▶ **TASK TO CARRY OUT**
Would you return each record that follows word for word, without its pictures?

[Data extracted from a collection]
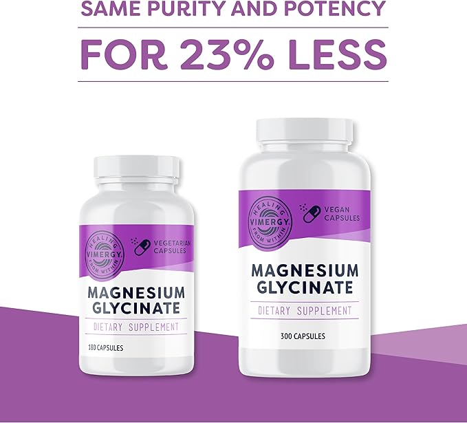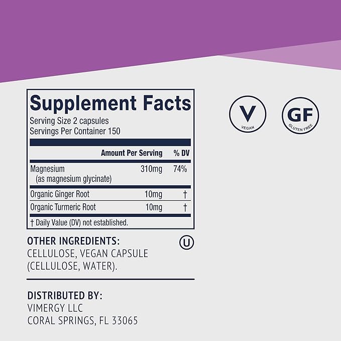 - PEACE OF MIND CLEAN. Vimergy Magnesium Glycinate comes in a clean, vegan capsule with no added gelling agents like carrageenan or unnecessary fillers and binders. Our product is also kosher, gluten-free, and paleo friendly. This full-size bottle contains 180 capsules. Vimergy Magnesium Glycinate is also available in a Value size bottle of 300 capsules and a trial size bottle of 90 capsules.
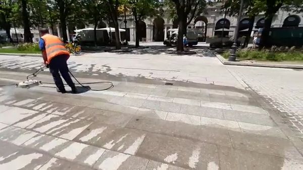 Cronaca / Bergamo Città La pulizia del Sentierone delle macchie d’olio lasciate dalle auto della MilleMiglia 3 anni fa
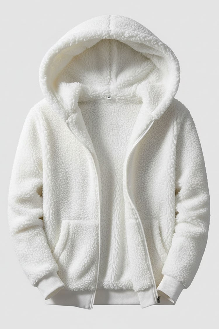 - Muška flis dukserica s elastičnim manžetama, džepovima i kapuljačom u klasičnoj bijeloj boji.
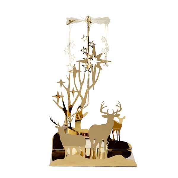 När värmeljuset tänds får värmen de dekorativa delarna upptill att snurra stillsamt, och ett mjukt, gyllene sken dansar i takt med rörelsen. Den roterande effekten skapar en rogivande och nostalgisk atmosfär, perfekt för mörka vinterkvällar, adventstid eller som en vacker del av juldekorationen.
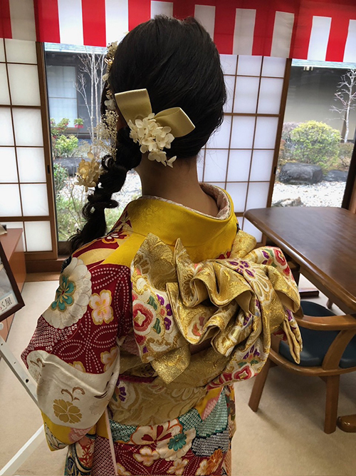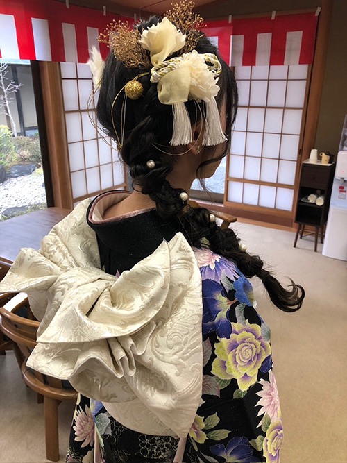 前撮りや式当日は、プロの美容師が担当。 お選びいただいた振袖と髪飾りに合わせ、お嬢様の髪質や輪郭を考慮しながら、最も美しく見えるバランスで仕上げます。「自分に何が似合うかわからない」という方も、プロのアドバイスで必ず最高の仕上がりになります。

▶ **SOLVED EXERCISE**
 - PEACE OF MIND CLEAN. Vimergy Magnesium Glycinate comes in a clean, vegan capsule with no added gelling agents like carrageenan or unnecessary fillers and binders. Our product is also kosher, gluten-free, and paleo friendly. This full-size bottle contains 180 capsules. Vimergy Magnesium Glycinate is also available in a Value size bottle of 300 capsules and a trial size bottle of 90 capsules.
 Cronaca / Bergamo Città La pulizia del Sentierone delle macchie d’olio lasciate dalle auto della MilleMiglia 3 anni fa
 - Muška flis dukserica s elastičnim manžetama, džepovima i kapuljačom u klasičnoj bijeloj boji.
 När värmeljuset tänds får värmen de dekorativa delarna upptill att snurra stillsamt, och ett mjukt, gyllene sken dansar i takt med rörelsen. Den roterande effekten skapar en rogivande och nostalgisk atmosfär, perfekt för mörka vinterkvällar, adventstid eller som en vacker del av juldekorationen.
 前撮りや式当日は、プロの美容師が担当。 お選びいただいた振袖と髪飾りに合わせ、お嬢様の髪質や輪郭を考慮しながら、最も美しく見えるバランスで仕上げます。「自分に何が似合うかわからない」という方も、プロのアドバイスで必ず最高の仕上がりになります。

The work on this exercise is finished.